BEGIN Dataset records

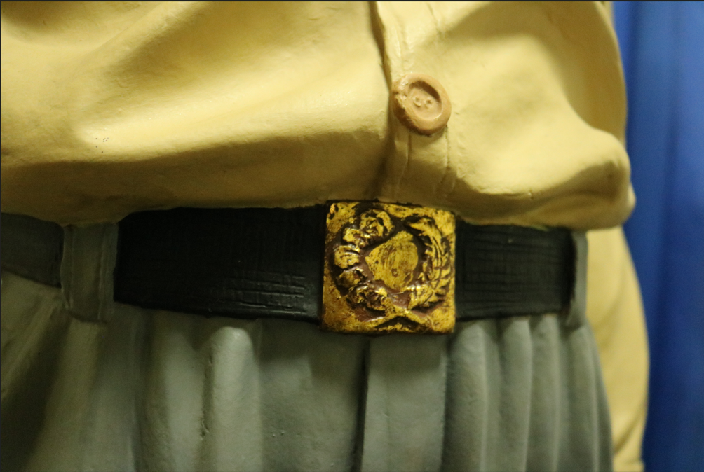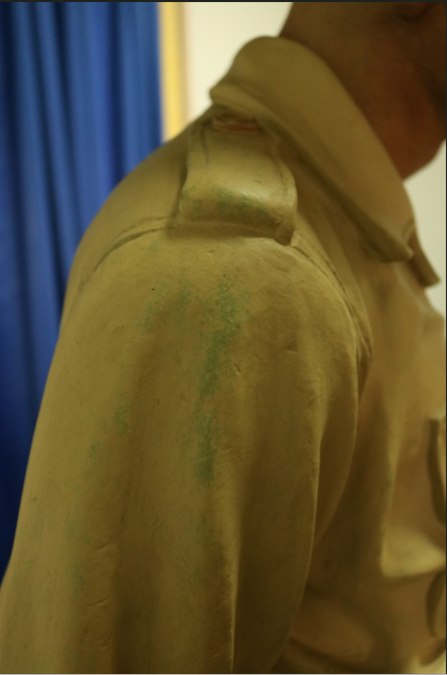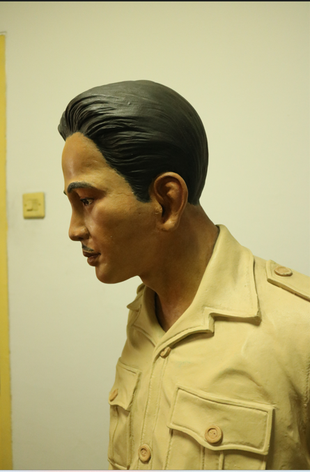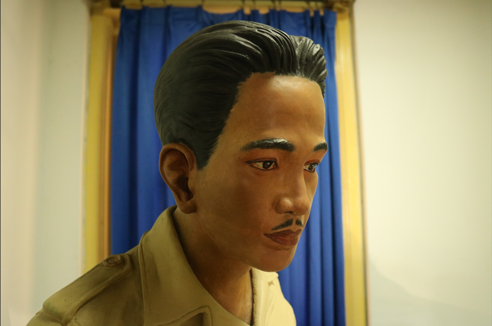 Patung merupakan replika dari tokoh bersejarah B.M. Diah. Patung ini terletak di ruang pengetikan naskah proklamasi dan berdiri di samping patung Sayuti Melik yang sedang mengetik. Patung B.M Diah mengenakan baju kemeja panjang berwarna putih tulang agak ke kuningan dan celana panjang warna abu-abu tua dilengkapi dengan gesper warna hitam dan kepala gesper bermotif padi dan kapas warna emas. Patung B.M Diah mengenakan sepatu pantofel warna cokelat tua. Posisi dari patung ini menghadap ke arah barat laut dengan posisi berdiri dan tangan kanan dimasukkan ke dalam saku. Kondisi dari patung ini cukup bagus. Pada bagian baju, tepatnya lengan kanan, terdapat noda cat berwarna hijau. Terdapat juga noda-noda berwarna hitam di permukaan patung.
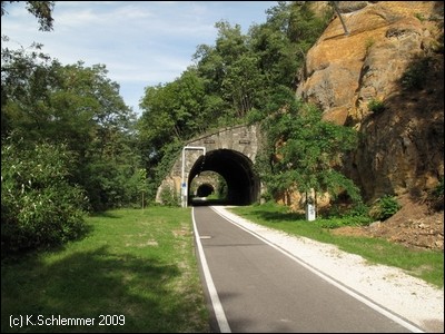 Aber auch sehr kurze Tunnel kommen vor - dieser ist nur 17 m lang. Den Wegweisern folgen, man fährt zum Bahnhof Blumau und dann links ab.
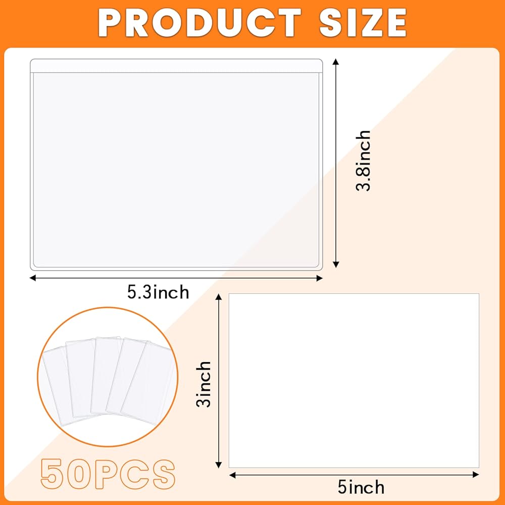 Yzzsjc 50 Pack Self-Adhesive Index Card Holder 3.8 x 5.3 Inch Clear Plastic Library Card Pockets Adhesive Label Holder Card Holder with 60pcs Index Cards for Organizing and Protecting Cards or Photos
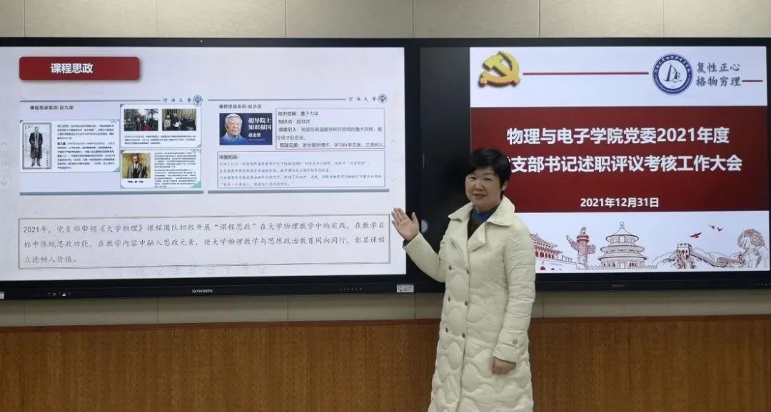 2019年3月起,在学院党委的大力支持下,大学物理教工党支部主办了多期“混合式”教学改革研讨会、一流课程建设、课程思政教学案例研讨交流等活动,在活动中,老师们对大学物理课程教学方式方法进行了充分交流和讨论,不仅为大学物理教学团队的教学改革和建设打下了坚实的基础,也创新了“党建+教研”育人新模式,党建创新工作成效显著。最近两年,大学物理教工党支部先后获批河南大学先进基层党组织、第二批全省高校省级样板党支部、第三批全国党建工作样板支部培育创建单位。党支部连续三年被评为河南大学先进党支部,康缈也获得河南省文明教师、河南大学优秀党员和优秀党务工作者等荣誉称号。
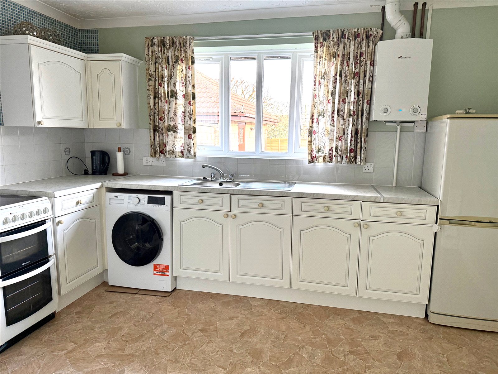 Kitchen/Breakfast Room: 12'8" x 9'7" With a radiator, a range of base and wall cupboard units and incorporating space for an electric cooker, space and plumbing for a washing machine and space for a fridge freezer. Eye-level cupboard units, wall-mounted Worcester Bosch Green Star gas-fired boiler supplying domestic hot water and central heating to radiators. Double glazed window to the rear.
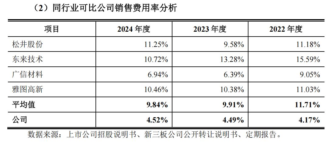 與此同時,報告期內(nèi),金橋德克的銷售費用率分別為4.17%、4.49%和4.52%,明顯低于各同行業(yè)可比公司,也大幅低于同行業(yè)可比公司平均水平的11.71%、9.91%和9.84%。同時,金橋德克的管理費用率分別為3.98%、4.09%和4.51%,同樣明顯低于各同行業(yè)可比公司的管理費用率,也大幅低于同行業(yè)可比公司平均水平的9.72%、8.93%和8.73%。對此,金橋德克在招股書中表示,這都符合公司實際情況。
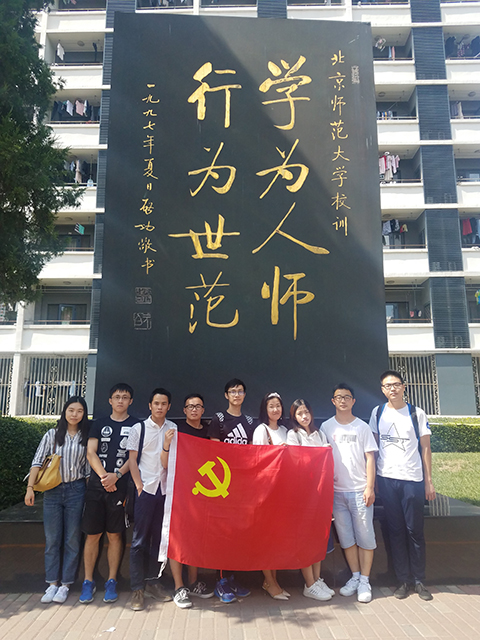 9月9日上午,五名北航ZY17152党支部的同志来到了北京师范大学,受到了北师大教育学部党支部的同志的热烈欢迎。我们有些同志是第二次来到北师大进行共建活动,但是有的同志还是第一次。在这样的情况下,北师大的同志们依然带领我们参观了中国师范院校的最高学府,并且和我们讲述了很多标志性建筑物的历史和由来,使得我们对北师大的了解从少到多,从多到精。北航的同志们深深的体会到了兄弟院校北师大的厚重历史和喷薄而出的人文情怀。我们在北师大著名的“学为人师,行为师范”的石碑面前合影留念。
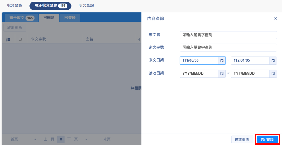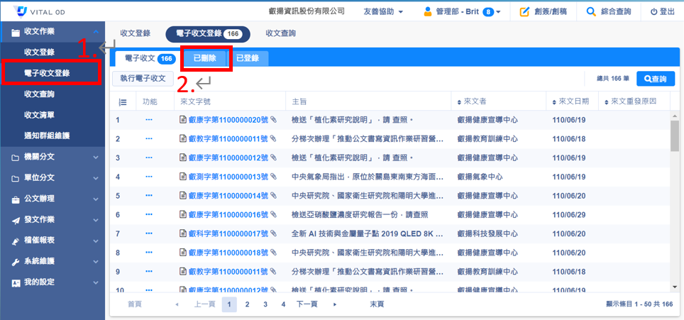 請先到 收文作業 >>電子收文收入 >>已刪除

END Dataset records

■ Task to complete:
With the images omitted, repeat all the data word for word.

■ Answer section:
 Patung merupakan replika dari tokoh bersejarah B.M. Diah. Patung ini terletak di ruang pengetikan naskah proklamasi dan berdiri di samping patung Sayuti Melik yang sedang mengetik. Patung B.M Diah mengenakan baju kemeja panjang berwarna putih tulang agak ke kuningan dan celana panjang warna abu-abu tua dilengkapi dengan gesper warna hitam dan kepala gesper bermotif padi dan kapas warna emas. Patung B.M Diah mengenakan sepatu pantofel warna cokelat tua. Posisi dari patung ini menghadap ke arah barat laut dengan posisi berdiri dan tangan kanan dimasukkan ke dalam saku. Kondisi dari patung ini cukup bagus. Pada bagian baju, tepatnya lengan kanan, terdapat noda cat berwarna hijau. Terdapat juga noda-noda berwarna hitam di permukaan patung.
 Aber auch sehr kurze Tunnel kommen vor - dieser ist nur 17 m lang. Den Wegweisern folgen, man fährt zum Bahnhof Blumau und dann links ab.
 Yzzsjc 50 Pack Self-Adhesive Index Card Holder 3.8 x 5.3 Inch Clear Plastic Library Card Pockets Adhesive Label Holder Card Holder with 60pcs Index Cards for Organizing and Protecting Cards or Photos
 2019年3月起,在学院党委的大力支持下,大学物理教工党支部主办了多期“混合式”教学改革研讨会、一流课程建设、课程思政教学案例研讨交流等活动,在活动中,老师们对大学物理课程教学方式方法进行了充分交流和讨论,不仅为大学物理教学团队的教学改革和建设打下了坚实的基础,也创新了“党建+教研”育人新模式,党建创新工作成效显著。最近两年,大学物理教工党支部先后获批河南大学先进基层党组织、第二批全省高校省级样板党支部、第三批全国党建工作样板支部培育创建单位。党支部连续三年被评为河南大学先进党支部,康缈也获得河南省文明教师、河南大学优秀党员和优秀党务工作者等荣誉称号。
 Kitchen/Breakfast Room: 12'8" x 9'7" With a radiator, a range of base and wall cupboard units and incorporating space for an electric cooker, space and plumbing for a washing machine and space for a fridge freezer. Eye-level cupboard units, wall-mounted Worcester Bosch Green Star gas-fired boiler supplying domestic hot water and central heating to radiators. Double glazed window to the rear.
 與此同時,報告期內(nèi),金橋德克的銷售費用率分別為4.17%、4.49%和4.52%,明顯低于各同行業(yè)可比公司,也大幅低于同行業(yè)可比公司平均水平的11.71%、9.91%和9.84%。同時,金橋德克的管理費用率分別為3.98%、4.09%和4.51%,同樣明顯低于各同行業(yè)可比公司的管理費用率,也大幅低于同行業(yè)可比公司平均水平的9.72%、8.93%和8.73%。對此,金橋德克在招股書中表示,這都符合公司實際情況。
 9月9日上午,五名北航ZY17152党支部的同志来到了北京师范大学,受到了北师大教育学部党支部的同志的热烈欢迎。我们有些同志是第二次来到北师大进行共建活动,但是有的同志还是第一次。在这样的情况下,北师大的同志们依然带领我们参观了中国师范院校的最高学府,并且和我们讲述了很多标志性建筑物的历史和由来,使得我们对北师大的了解从少到多,从多到精。北航的同志们深深的体会到了兄弟院校北师大的厚重历史和喷薄而出的人文情怀。我们在北师大著名的“学为人师,行为师范”的石碑面前合影留念。
 請先到 收文作業 >>電子收文收入 >>已刪除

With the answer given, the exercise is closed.